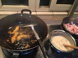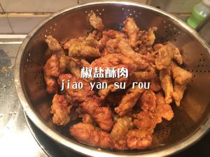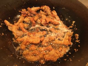 锅里面倒入小锅油,火调制微火,放入一些裹好的肉条,炸,炸至金黄色!至少要5分钟左右,
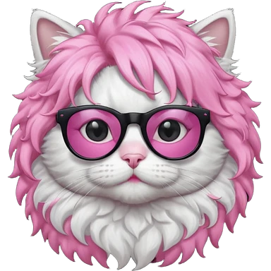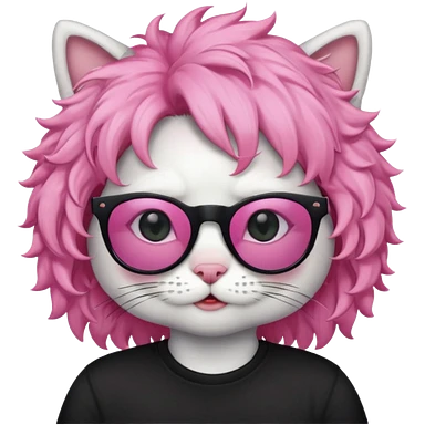 White cat wearing pink curly wig, black sunglasses, black T-shirt emoji
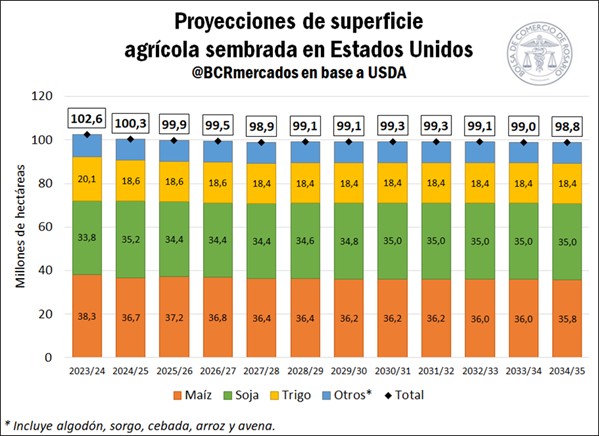 Mirando hacia adelante, el organismo gubernamental estadounidense prevé que el área implantada con los principales ocho cultivos disminuya en 0,4 millones de hectáreas en 2025, en tanto estima que la tendencia decreciente se mantenga año a año, de manera que el área sembrada se situaría en 98,8 millones de hectáreas en 2034. Así, estos commodities ocuparían en total un 2% menos de superficie respecto a 2024 y 5% menos respecto a 2014. En este sentido, las proyecciones del USDA para el 2034 son de 35,8 millones de hectáreas de maíz (↓2% respecto a 2024), 35 millones de hectáreas de soja (↓1% respecto a 2024), 18,4 millones de hectáreas de trigo (↓1% respecto a 2024), y 9,6 millones del resto de los cultivos (↓1% respecto a 2024). De efectivizarse estas previsiones, el maíz perdería 1 p.p. de participación en la superficie agrícola estadounidense en la próxima década, pasando del 37% al 36%, en manos de la soja y el trigo, que alcanzarían una participación del 35% y 19%, respectivamente.
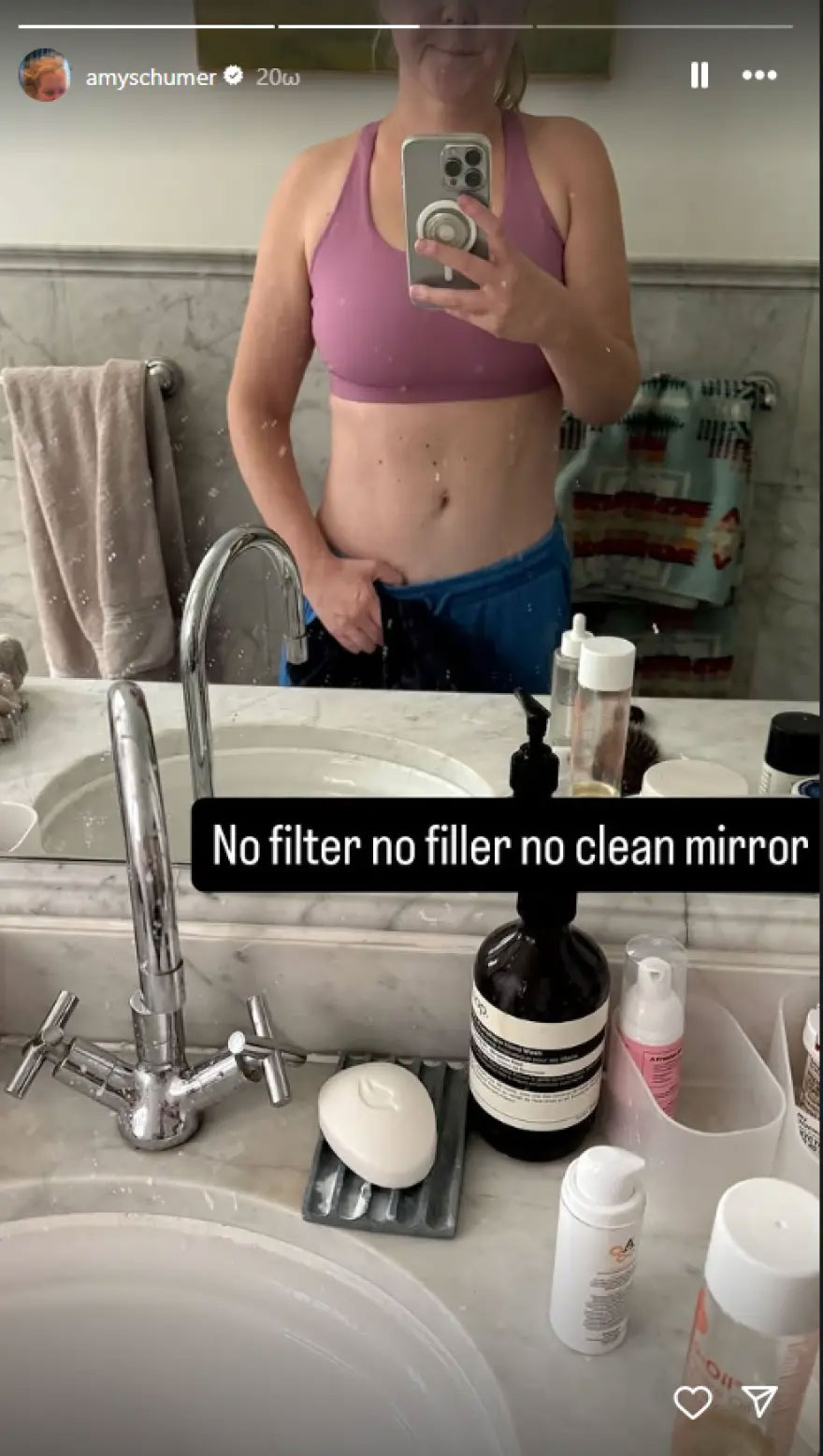 «Χωρίς φίλτρο, χωρίς filler, χωρίς καθαρό καθρέφτη», σχολίασε με χιούμορ η Amy Schumer.
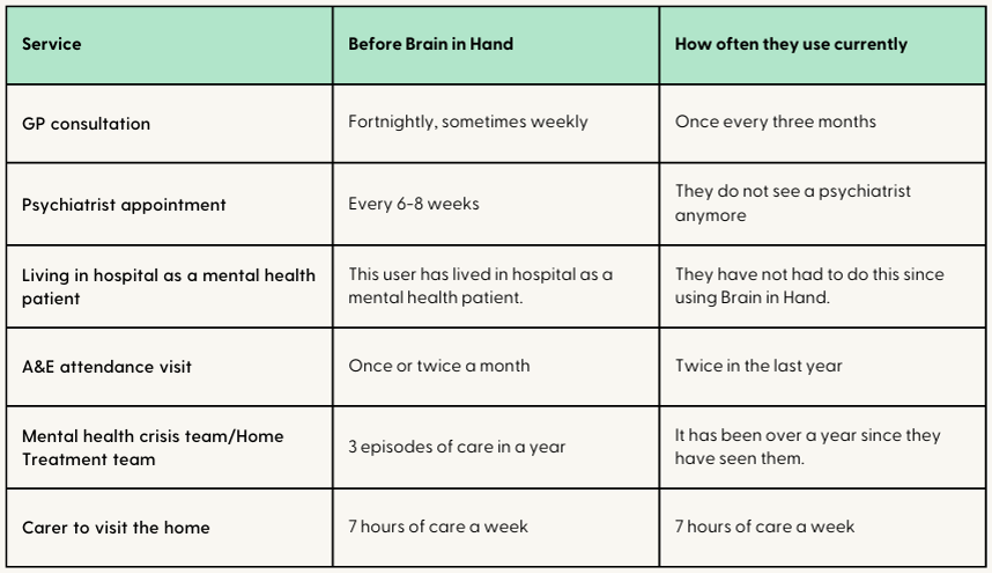 Many of the services Lola accessed in the past have now decreased in frequency using Brain in Hand (see Table 1).

....

The task:
Images stay out, but the rest of the data above must be repeated exactly.

Solved exercise:
 锅里面倒入小锅油,火调制微火,放入一些裹好的肉条,炸,炸至金黄色!至少要5分钟左右,
 White cat wearing pink curly wig, black sunglasses, black T-shirt emoji
 Mirando hacia adelante, el organismo gubernamental estadounidense prevé que el área implantada con los principales ocho cultivos disminuya en 0,4 millones de hectáreas en 2025, en tanto estima que la tendencia decreciente se mantenga año a año, de manera que el área sembrada se situaría en 98,8 millones de hectáreas en 2034. Así, estos commodities ocuparían en total un 2% menos de superficie respecto a 2024 y 5% menos respecto a 2014. En este sentido, las proyecciones del USDA para el 2034 son de 35,8 millones de hectáreas de maíz (↓2% respecto a 2024), 35 millones de hectáreas de soja (↓1% respecto a 2024), 18,4 millones de hectáreas de trigo (↓1% respecto a 2024), y 9,6 millones del resto de los cultivos (↓1% respecto a 2024). De efectivizarse estas previsiones, el maíz perdería 1 p.p. de participación en la superficie agrícola estadounidense en la próxima década, pasando del 37% al 36%, en manos de la soja y el trigo, que alcanzarían una participación del 35% y 19%, respectivamente.
 «Χωρίς φίλτρο, χωρίς filler, χωρίς καθαρό καθρέφτη», σχολίασε με χιούμορ η Amy Schumer.
 Many of the services Lola accessed in the past have now decreased in frequency using Brain in Hand (see Table 1).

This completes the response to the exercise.